Monday, October 6, 2008

Hushabye Mountain


When I was young Christmas was delightful. A period of enchantment and mystic rapture. This was no less real just because I couldn’t conceptualise my luscious intimations.

Who needs words to access certain experiences? We need them only to communicate them, if we need to communicate them; and when we try we deal in shadows, not substance. Knowing this, that our words might sully, we can choose to remain silent in honour of the experience.

You may remember, but it seemed that every year at Christmas in the early seventies Chitty Chitty Bang Bang, starring the magical Dick van Dyke, was shown on TV. Watching it again now, I have become entranced by ‘Hushabye Mountain’ by Robert and Richard Sherman. The transcendent delicacy of emotion disorders my world in very agreeable ways. And I am moved to note that what we find here, despite the emotional richness, is the opposite of sentimentality. While some may baulk at the ‘sweetness’ on display, there is no forced or affected posturing, no mere simulation of feelings indulged in because one thinks one should, as it were, at one step removed from the real thing. Instead, the artistry is not artifice, but skillful mastery of evocation, technique deployed successfully in the generation of authentic response.

Well, in me anyway.

Alas, I can’t find an extract of the actual scene (except in Italian!?), but here Van Dyke sings it, against a series of portraits.

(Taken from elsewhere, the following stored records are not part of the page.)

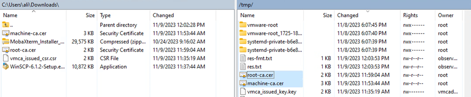 17- Machine-ca ve root-ca’yi winscp ile vCenter/tmp altına atıyoruz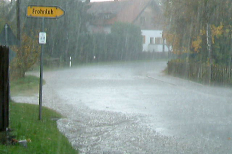 Straßen in Unterbrunn im Wasser nach dem Gewitterregen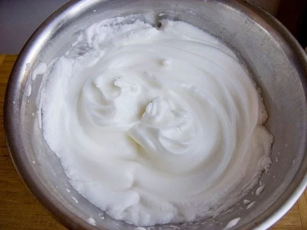 Белки взбиваем при помощи блендера или миксера до крепкой пены.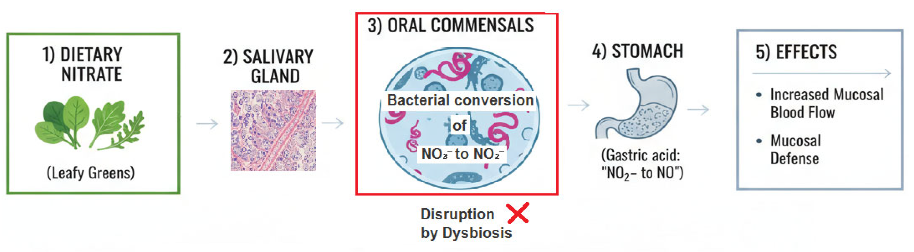 - Oral Commensals—Bacterial conversion of NO3− to NO2− by nitrate-reducing bacteria in tongue biofilm, with an “X” mark indicating disruption by dysbiosis

While, as with all art, I can neither expect nor ask that you like it, there is a chance that you may, even as much as I; or that you might never even have heard it before.

Take note of the lyrics, as much as the music and the voice. Sometimes, with songs I love I find it sufficient to get carried away by the melody. I can find words superfluous, or even a distraction. But here they add to the experience, being exquisitely chosen.